HEADLINES

Thursday, October 14, 2010

Revisiting the auto bailout: Bills the company can never pay back

It's the precedent, stupid.  It's the political threats and bypassing established bankruptcy rules.  It's the rewriting of corporate debt expectations:

Hopkins says the bailouts have not turned out as badly as he initially feared they would – not that they've turned out well. "It's very hard to think that the taxpayer is ever going get compensated anywhere near fully. The government will eventually get out of the auto business but the taxpayer will be left with a significant, I suspect, unpaid bill."

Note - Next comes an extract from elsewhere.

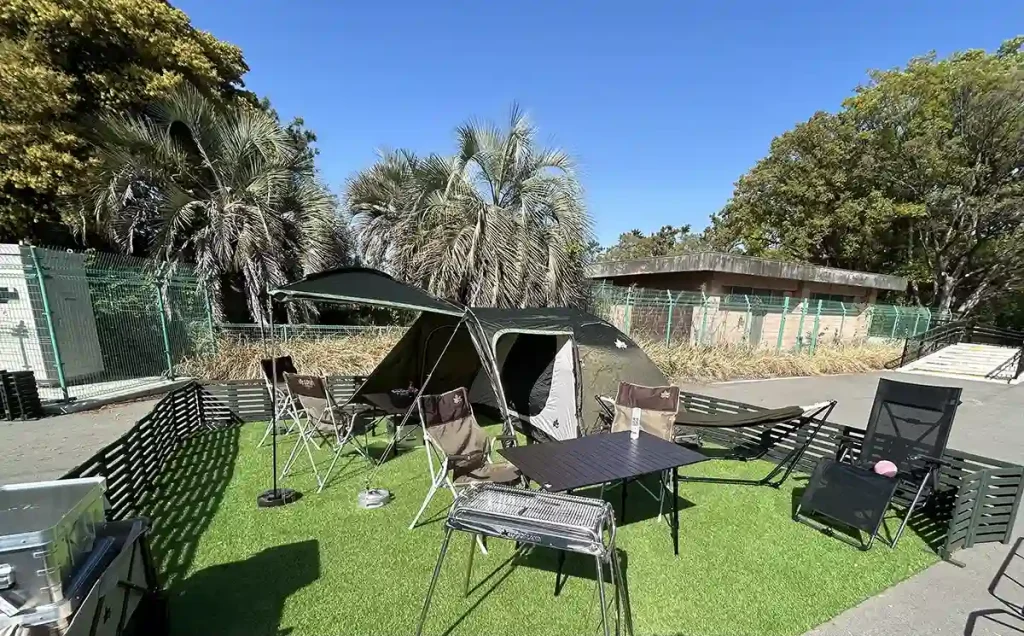 さらに、2025年5月12日からはBBQエリアとは別にデイキャンプエリアも新しく開設され、LOGOSのテントを拠点に公園内で1日中遊べるプランが用意されます。
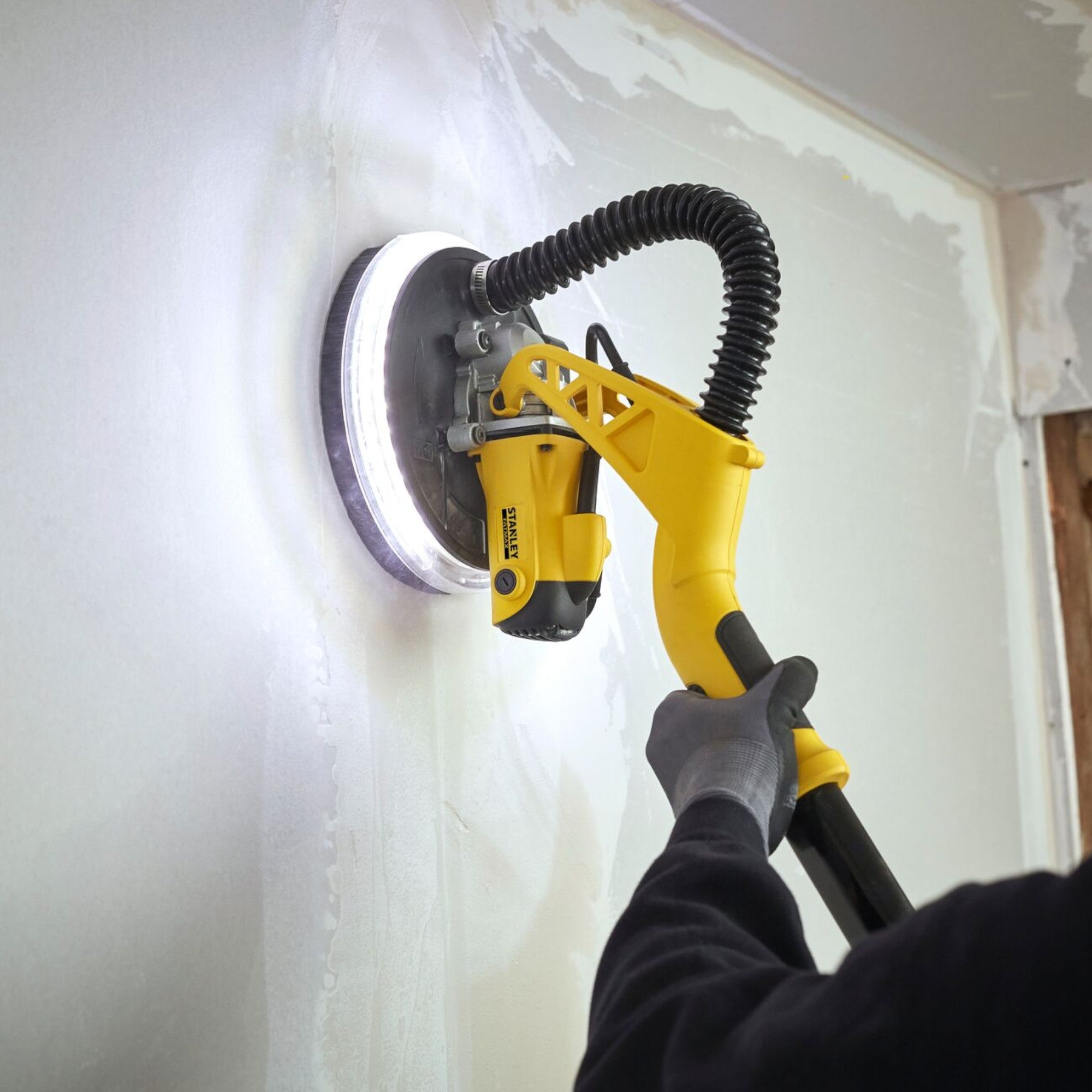 Der Stanley Fatmax SFMEE500S Trockenbauschleifer ist die ideale Lösung für anspruchsvolle Schleifarbeiten an Wänden und Decken. Mit seinem robusten 750-Watt-Motor liefert er eine hohe Schleifeffizienz und ermöglicht ein schnelles und präzises Arbeiten. Das kompakte, ergonomische Design und die leichte Konstruktion sorgen für eine geringe Ermüdung auch bei längeren Einsätzen. Die Drehzahlvorwahl von 600 bis 1.700 U/min mit Soft-Start bietet optimale Anpassung an unterschiedliche Anwendungen, während der LED-Lichtring den Arbeitsbereich ausleuchtet und Fugen, Flecken oder Unebenheiten sichtbar macht. Der Teleskopgriff, der auf bis zu 180 cm ausgezogen werden kann, eignet sich hervorragend für Deckenarbeiten und größere Schleifflächen. Der elastische Absaugschlauch ermöglicht maximale Flexibilität mit einem Schleifwinkel von bis zu 120°, und der abnehmbare Schleifschutz erlaubt das Schleifen bis in die Ecken. Dank des geschwungenen Kopfhalterdesigns und der gummierten Griffflächen bietet der Schleifer eine optimale Balance und hohen Bedienkomfort. Der faltbare Griff und die mitgelieferte Werkzeugtasche erleichtern das Verstauen und den Transport. Der Stanley Fatmax SFMEE500S ist die perfekte Wahl für professionelle Trockenbauarbeiten, bei denen Effizienz, Präzision und Komfort im Fokus stehen.

Ted Frank, adjunct fellow at the Manhattan Institute, sees more than an unpaid bill on the horizon.  "The worst part of the bailouts was the way the administration used political threats to trample over established bankruptcy law and settled expectations," he says  "In the long run, the bailout will cost far more jobs than it saves, even in the unlikely event that GM and Chrysler pay back the government in full."

Cato Institute senior fellow Daniel Mitchell doesn't mince words. "I hope Ford does well since they demonstrated integrity," Mitchell says. "Unlike GM and Chrysler, which evaded the normal bankruptcy process to steal from taxpayers."

This poorly implemented bailout will haunt not just the auto companies, but the debt markets for a generation.